Web Scraping Table from 'Dune.com' with Python3 and bs4

ghz 11hours ago ⋅ 2 views

I am trying to web scrape table data from Dune.com (https://dune.com/queries/1144723). When I 'inspect' the web page, I am able to clearly see the <table></table> element, but when I run the following code I am returned None results.

import bs4
import requests

data = []

r=requests.get('https://dune.com/queries/1144723/1954237')
soup=bs4.BeautifulSoup(r.text, "html5lib")

table = soup.find('table')

How can I successfully find this table data?

Answer

The issue you're facing is that the table data you're trying to scrape is dynamically loaded via JavaScript after the page is initially rendered. This means that when you make a request with requests, you are getting the raw HTML that does not include the table data, because the JavaScript responsible for rendering that table hasn't been executed yet.

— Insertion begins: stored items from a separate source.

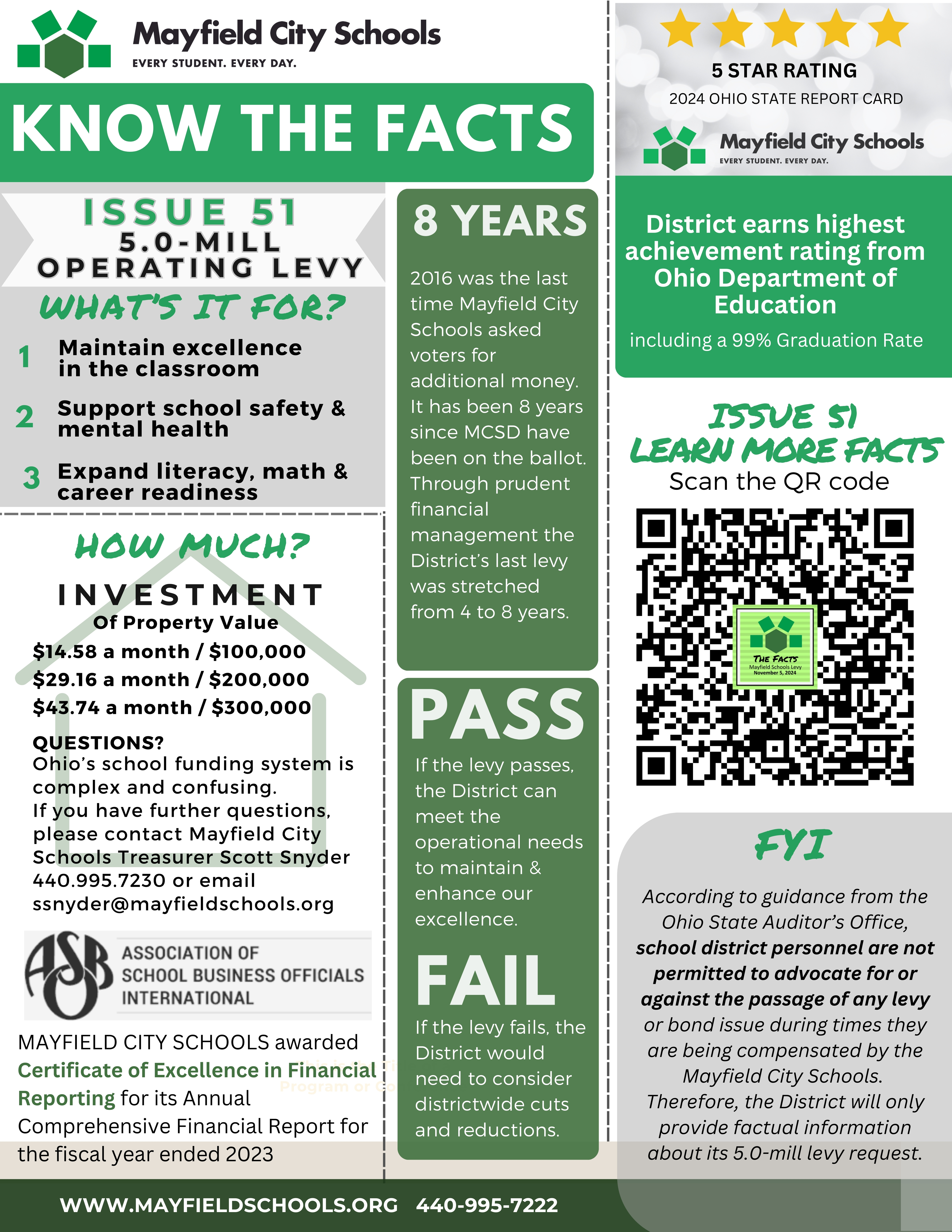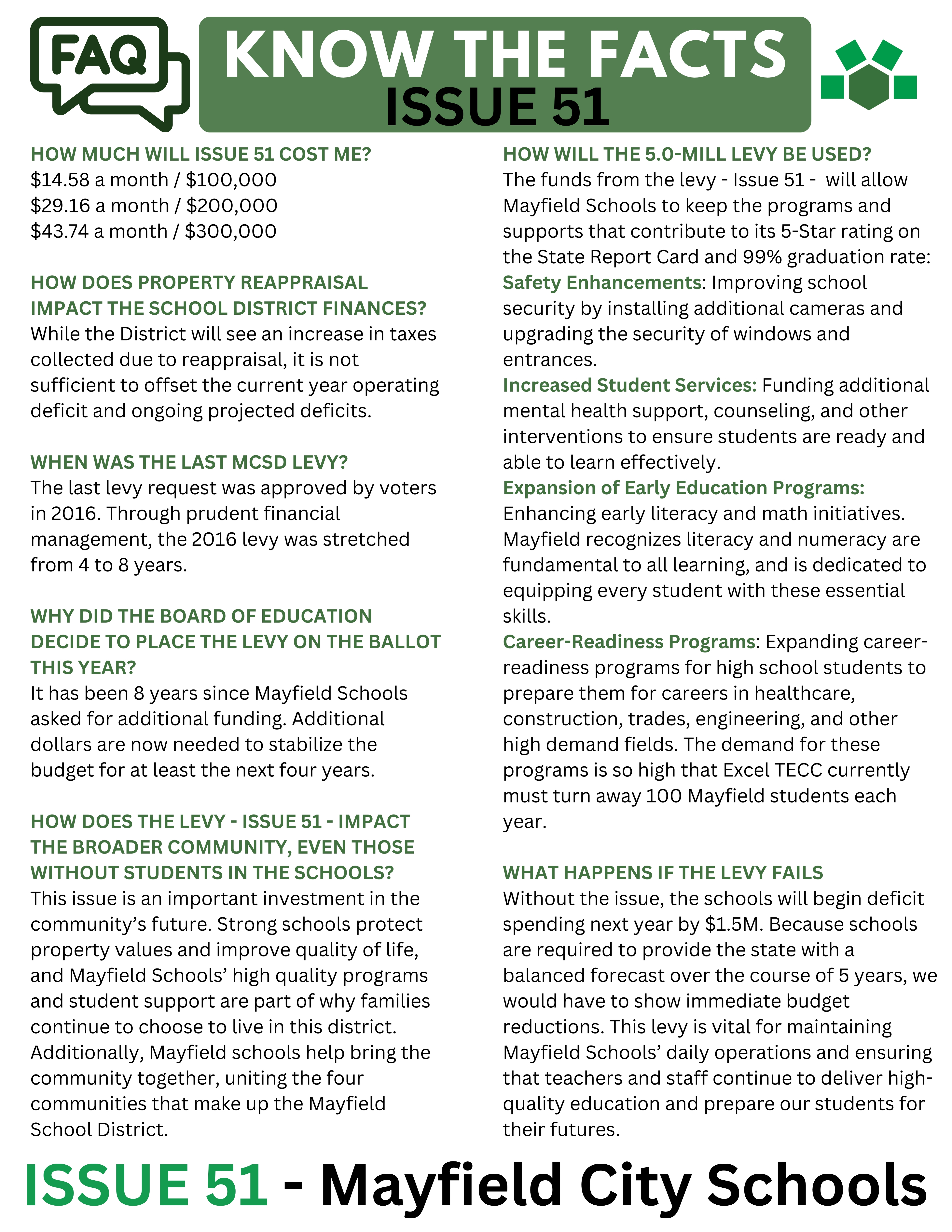 The funds from the levy - Issue 51 - will allow Mayfield Schools to keep the programs and supports that contribute to its 5-Star rating on the State Report Card and 99% graduation rate:
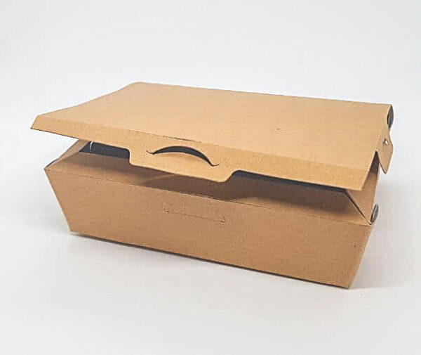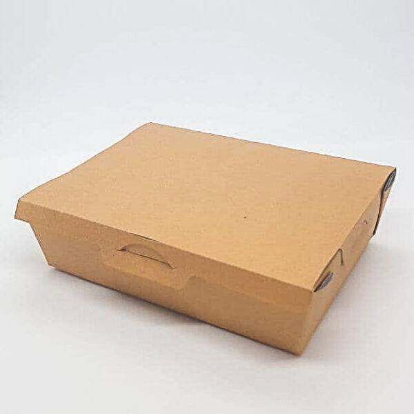 Універсальний крафт контейнер 190х150х50 мм. Упаковка виконана з жиростійкого матеріалу, внутрішня ламінація захищає від промокання.
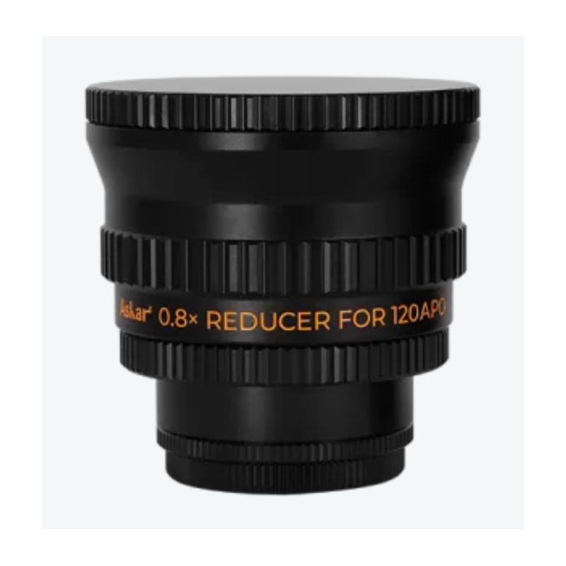 Réducteur optique 0,8x conçu pour la lunette Askar 120APO. Il réduit la focale à 672 mm et le rapport focal à f/5,6 tout en assurant un champ corrigé plein format de 44 mm. Destiné à l’astrophotographie, il permet un champ plus large et des temps de pose raccourcis.

Solution: Use a Headless Browser with Selenium

To handle this, you'll need to use a tool that can execute JavaScript, like Selenium or Playwright. Selenium allows you to load the page, execute JavaScript, and then extract the dynamically rendered content.

Here's how you can use Selenium along with BeautifulSoup to scrape the table data from the Dune.com page:

1. Install Required Libraries:

First, install the necessary libraries:

pip install selenium beautifulsoup4 requests

Additionally, you will need to download a WebDriver (e.g., ChromeDriver for Chrome or geckodriver for Firefox).

  • Download ChromeDriver: https://sites.google.com/a/chromium.org/chromedriver/
  • Download geckodriver (for Firefox): https://github.com/mozilla/geckodriver/releases

Make sure the WebDriver binary is accessible in your system's PATH, or specify the path to the driver explicitly in your code.

2. Code Example with Selenium and BeautifulSoup:

Here’s how you can modify your code to scrape the table data:

from selenium import webdriver
from selenium.webdriver.chrome.options import Options
from bs4 import BeautifulSoup
import time

# Set up headless browser using Chrome
chrome_options = Options()
chrome_options.add_argument("--headless")  # Run in headless mode (without opening browser window)

# Specify the path to your WebDriver binary if it's not in your PATH
driver = webdriver.Chrome(executable_path='/path/to/chromedriver', options=chrome_options)

# Visit the Dune query page
url = 'https://dune.com/queries/1144723/1954237'
driver.get(url)

# Wait for the JavaScript to load the table (adjust sleep time if needed)
time.sleep(5)  # You may need to adjust this depending on how long the page takes to load

# Get page source after JavaScript has rendered the table
html = driver.page_source

# Use BeautifulSoup to parse the page source
soup = BeautifulSoup(html, 'html.parser')

# Find the table element
table = soup.find('table')

# If table is found, extract the rows and columns
if table:
    rows = table.find_all('tr')
    data = []

    for row in rows:
        cols = row.find_all('td')
        cols = [col.text.strip() for col in cols]  # Get text from each cell and remove leading/trailing spaces
        data.append(cols)

    # Print the data or process it further
    for row in data:
        print(row)
else:
    print("Table not found!")

# Quit the browser session
driver.quit()

Explanation:

  1. Headless Browser with Selenium:

    • We set up a headless browser (which means it runs without opening a GUI window) using Chrome and Selenium.
    • We specify the path to the ChromeDriver (executable_path='/path/to/chromedriver'), or if ChromeDriver is in your PATH, you can omit the executable_path argument.
  2. Loading the Page:

    • driver.get(url) loads the Dune.com page.
    • We use time.sleep(5) to wait for the JavaScript to render the table. You can adjust this delay depending on how fast the table loads.
  3. Scraping with BeautifulSoup:

    • After the page has been loaded and JavaScript has rendered the table, we use driver.page_source to get the HTML source.
    • We then use BeautifulSoup to parse the HTML and extract the data from the table.
  4. Extracting Table Data:

    • We find all the rows in the table with table.find_all('tr') and then extract the text from each cell in each row.
    • Finally, the data is stored in a list data, and we print it row by row.

Notes:

  • You may need to adjust the time.sleep(5) delay if the table takes longer to load.
  • If you're using Firefox, you can replace webdriver.Chrome with webdriver.Firefox and similarly use geckodriver instead of chromedriver.
  • The table might have pagination or infinite scrolling, which could require handling JavaScript events like clicks or scrolling. If that’s the case, you might need to use more advanced Selenium features like WebDriverWait or interact with the page elements before scraping.

By using Selenium, you can ensure that all dynamic content, including JavaScript-rendered tables, is available for scraping.